Pick of the week
Colin in Black & White
Netflix, from Friday 29 October
As a Black man with sporting talent, Colin Kaepernick was only allowed success on white America’s terms. When he challenged that by protesting against racial inequality, he was cast into the wilderness and, ironically, is now a visible victim of that trope beloved of the reactionary right: cancel culture. Plenty for a TV series to get its teeth into, then. This drama – co-created by Kaepernick with Ava DuVernay – initially searches for answers in his youthful experiences as an adopted child of white parents, before bringing things up to date. Jaden Michael stars as the young Kaepernick until the man himself steps in to tell his own story of modern America.
Jack & Kelly Osbourne: Night of Terror
Discovery+, from Sunday 24 October
Time magazine included the RMS Queen Mary in its, no doubt rigorously compiled, list of the Top 10 haunted places in the world. It has been closed since the onset of Covid, which has presumably encouraged the ghosts and ghouls to become bolder. Who better to investigate this hotbed of paranormal activity than Jack and Kelly Osbourne? After all, as Jack points out, spirits “feed off the energy of scaring people”. The siblings’ three-day investigation of the ship will win no points for scientific veracity but it’s good, daft fun.

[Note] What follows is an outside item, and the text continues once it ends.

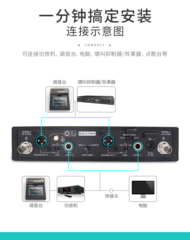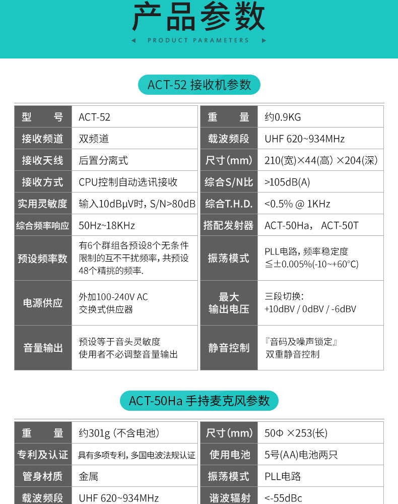 商品名称:MIPRO ACT-52咪宝无线话筒电容麦克风一拖二K歌家用领夹专业演唱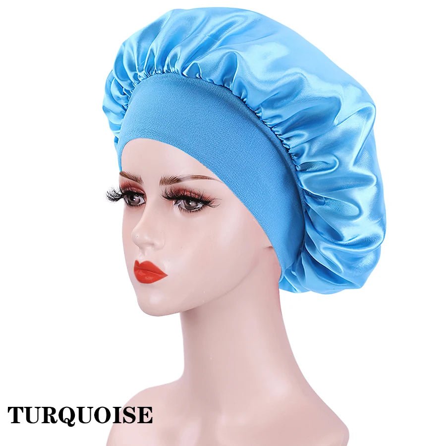 The generous size of this bonnet is perfect for long, thick, or curly hair, ensuring that every strand is covered and cared for. The elastic band ensures a secure and comfortable fit all night long, so you can rest easy knowing your hair is in good hands.

Netflix, from Tuesday 26 October
Netflix’s raunchy autumn (see also, erm, Sex, Love & Goop) continues with this hour-long, proudly inclusive “sex positivity” special hosted by Californian rapper Saweetie. It’s a mix of celebrity stories, candid comedy and genuine educational intentions – the likes of Romesh Ranganathan, Katherine Ryan and London Hughes keep things light, but there’s a selection of educators and experts to offer practical advice and, perhaps most excitingly, the most sexually uninhibited puppetry this side of Team America: World Police.
The Time It Takes
Netflix, from Friday 29 October
Another intimate breakup drama to sit alongside Sky Atlantic’s Scenes from a Marriage, this Spanish series follows Lina (Nadia de Santiago) as she processes the end (and, in turn, the beginning) of her nine-year relationship with Nico (Álvaro Cervantes). Told via a mixture of flashbacks and current events, Lina comes to terms with her romantic loss by exploring the past and moving into the future, and trying to think of their split a minute less each day. It’s a nicely written and performed rendering of regret, sadness and gradual emotional recovery.
Maradona: Blessed Dream
Amazon Prime Video, from Friday 29 October
Asif Kapadia’s brilliant 2019 film Diego Maradona still feels like the definitive documentary exploration of the troubled Argentinian footballing genius’s life. But can a biopic shed any further light on his story? This 10-episode drama depicts Maradona at every stage in his journey, tracking his progress from impish barrio prodigy to globe-bestriding superstar and, eventually, to corrupted, drug-ravaged victim. It’s heavy on the melodrama but, faced with a life as mercurial as this, not many other appropriate moods were available.
Apple TV+, from Friday 29 October
Inspired by the story of NBA superstar Kevin Durant, this drama is set in the ultra-competitive world of youth basketball. It stars Isaiah Hill as Jace Carson, a 14-year-old prodigy fighting racism, family difficulties and some anger management issues, as he sets his sights on stardom. In truth, it’s a pretty standard rags-to-riches tale, but the basketball set-pieces are vividly realised and it does ask a few interesting (and more widely applicable) questions about the ways in which talented young sportspeople are sometimes warehoused.